What is needed is an exact copy of the lines in the listing below, from the one with "Feindlage: [INDENT]Feind ist" up to and including the one with "เคาะเดียวแดง ผ้ายันต์ พระพรหม", with no other lines.

DATA EXTRACTS Start Marker

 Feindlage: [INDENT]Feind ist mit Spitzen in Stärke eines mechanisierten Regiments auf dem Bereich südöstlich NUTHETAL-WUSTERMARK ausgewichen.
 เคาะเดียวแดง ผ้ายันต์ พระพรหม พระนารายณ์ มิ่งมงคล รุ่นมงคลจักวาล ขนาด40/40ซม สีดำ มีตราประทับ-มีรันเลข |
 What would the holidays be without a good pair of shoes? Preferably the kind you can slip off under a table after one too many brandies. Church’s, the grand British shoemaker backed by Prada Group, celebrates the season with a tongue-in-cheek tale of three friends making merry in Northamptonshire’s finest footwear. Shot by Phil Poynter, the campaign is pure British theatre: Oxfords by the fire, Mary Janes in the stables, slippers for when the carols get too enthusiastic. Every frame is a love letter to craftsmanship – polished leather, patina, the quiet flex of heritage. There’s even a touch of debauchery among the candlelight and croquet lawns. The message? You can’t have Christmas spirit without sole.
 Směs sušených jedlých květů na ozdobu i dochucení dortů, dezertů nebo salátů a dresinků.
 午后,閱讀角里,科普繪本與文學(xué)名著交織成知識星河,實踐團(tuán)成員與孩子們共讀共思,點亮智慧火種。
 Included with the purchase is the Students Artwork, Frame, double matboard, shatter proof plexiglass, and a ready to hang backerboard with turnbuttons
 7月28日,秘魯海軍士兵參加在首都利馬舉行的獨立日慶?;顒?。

DATA EXTRACTS End Marker
DATA EXTRACTS Start Marker

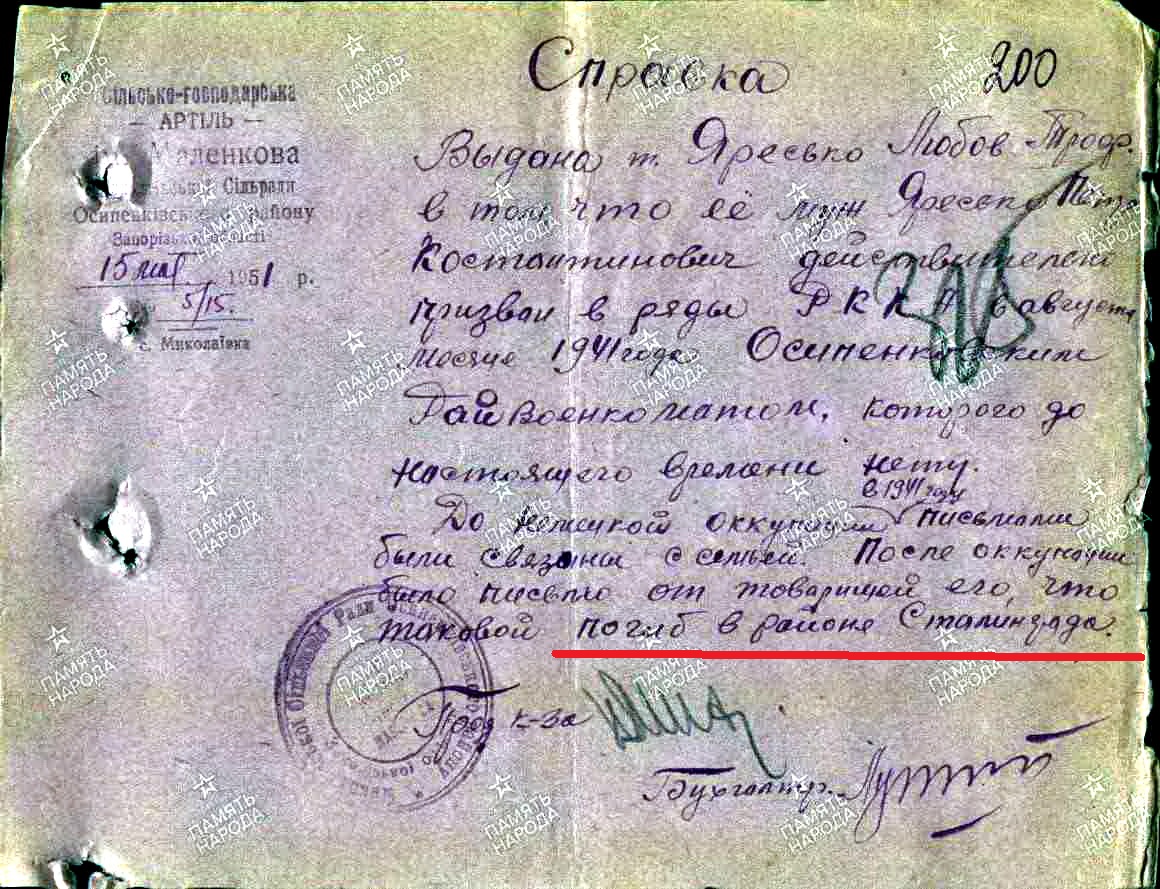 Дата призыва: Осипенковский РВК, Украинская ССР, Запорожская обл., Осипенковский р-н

DATA EXTRACTS End Marker

OUTPUT BELOW
 Feindlage: [INDENT]Feind ist mit Spitzen in Stärke eines mechanisierten Regiments auf dem Bereich südöstlich NUTHETAL-WUSTERMARK ausgewichen.
 เคาะเดียวแดง ผ้ายันต์ พระพรหม พระนารายณ์ มิ่งมงคล รุ่นมงคลจักวาล ขนาด40/40ซม สีดำ มีตราประทับ-มีรันเลข |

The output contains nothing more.